[INFORMATION PROVIDED]

----

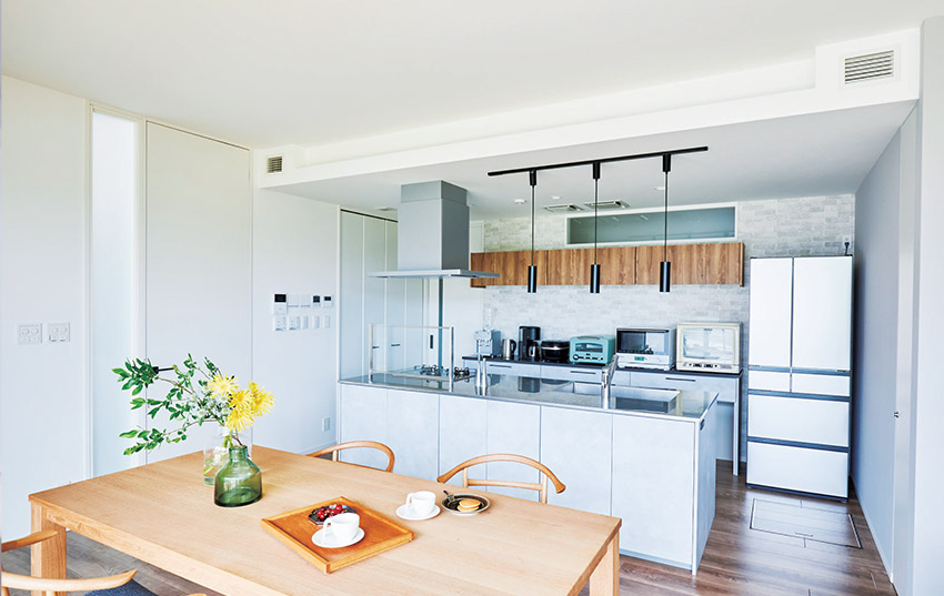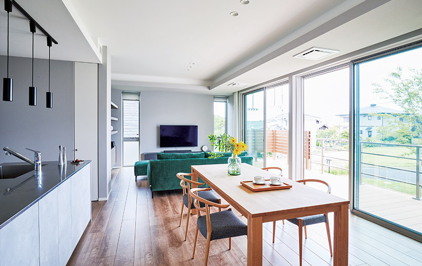 LDKは一続きにレイアウトし、廊下を挾んでプライベートスペースと分けた間取りです。妻の佳代子さんが中心になり、インテリアコーディネーターと相談しながら、Tさま邸らしいナチュラルモダンなインテリアをつくり上げました?!弗猊攻哎戛`ンの張地のソファに決めるのは勇気がいりましたが、とてもこの家に映えて気に入っています」と佳代子さん。南側には幅約5mの掃き出し窓が広がり、開放感いっぱいです。
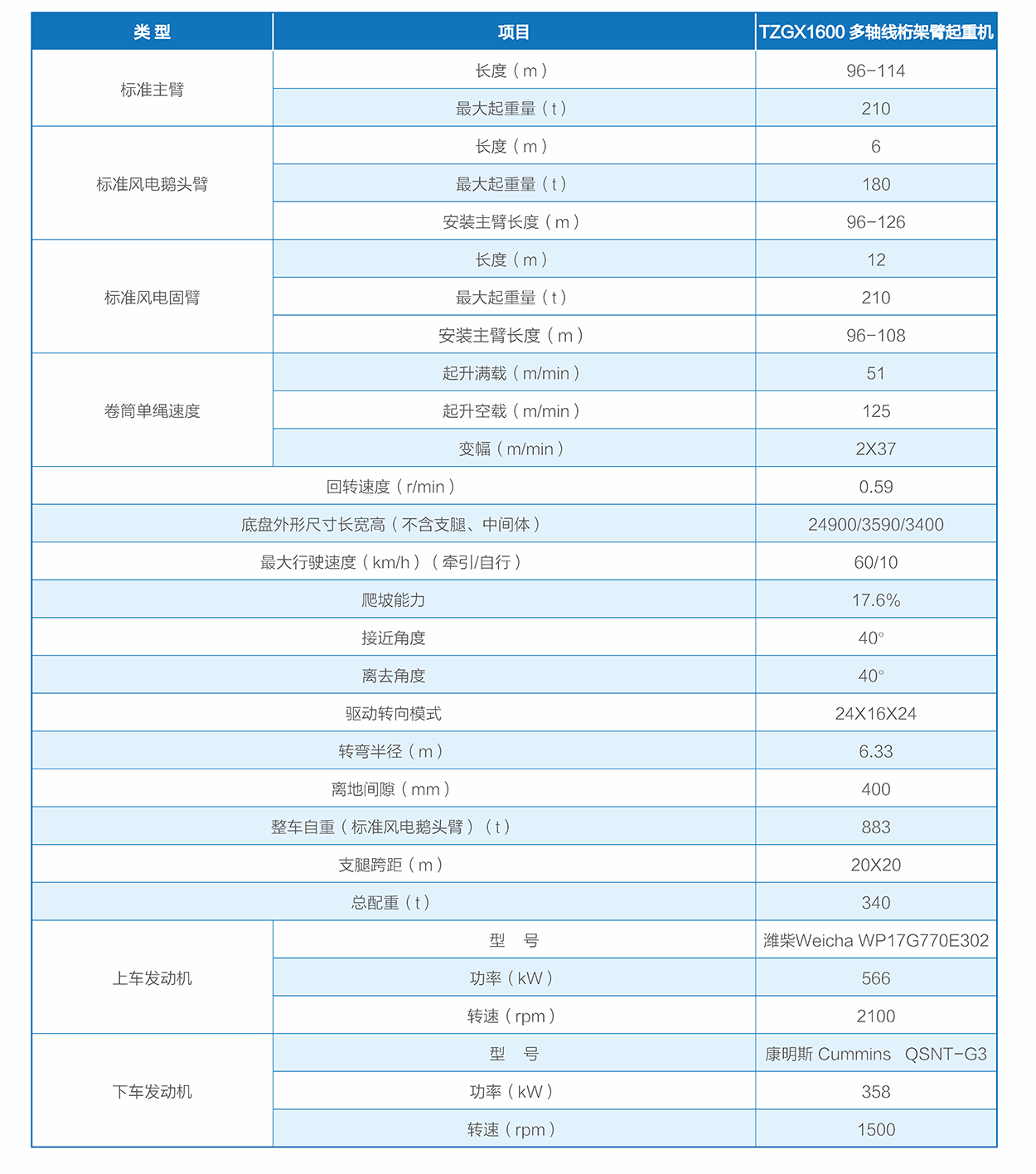 TZGX1600多轴线桁架臂起重机针对风机安装特点,上车采用快拆式桁架臂起重机结构,下车采用可自行、可牵引多轴线底盘,整机最大部件运输宽度小于3.5m,起重能力超强,转场高效便捷,可满足百米级4.XMW及以上风机吊装。
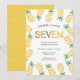 Faça uma festa de 7º aniversário tropical para o seu filho! Este adorável convite de aniversário apresenta abacaxis em aquarela e 'sete' em dourado falso, que é moderno e está na moda. Convide com estilo! Todos os detalhes, exceto a idade, são personalizáveis. Veja a coleção abaixo para mais idades!
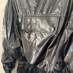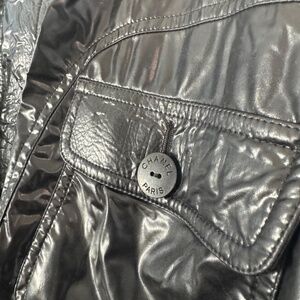 There is a flat pocket across the back with cc logo buttons, I believe the coat can be folded into itself in that pocket.

----

[ASSIGNMENT]
Your task is to restate word for word the lines from the top of the data to the line containing "TZGX1600多轴线桁架臂", both ends included, with every picture left out.

[SOLUTION BELOW]
 LDKは一続きにレイアウトし、廊下を挾んでプライベートスペースと分けた間取りです。妻の佳代子さんが中心になり、インテリアコーディネーターと相談しながら、Tさま邸らしいナチュラルモダンなインテリアをつくり上げました?!弗猊攻哎戛`ンの張地のソファに決めるのは勇気がいりましたが、とてもこの家に映えて気に入っています」と佳代子さん。南側には幅約5mの掃き出し窓が広がり、開放感いっぱいです。
 TZGX1600多轴线桁架臂起重机针对风机安装特点,上车采用快拆式桁架臂起重机结构,下车采用可自行、可牵引多轴线底盘,整机最大部件运输宽度小于3.5m,起重能力超强,转场高效便捷,可满足百米级4.XMW及以上风机吊装。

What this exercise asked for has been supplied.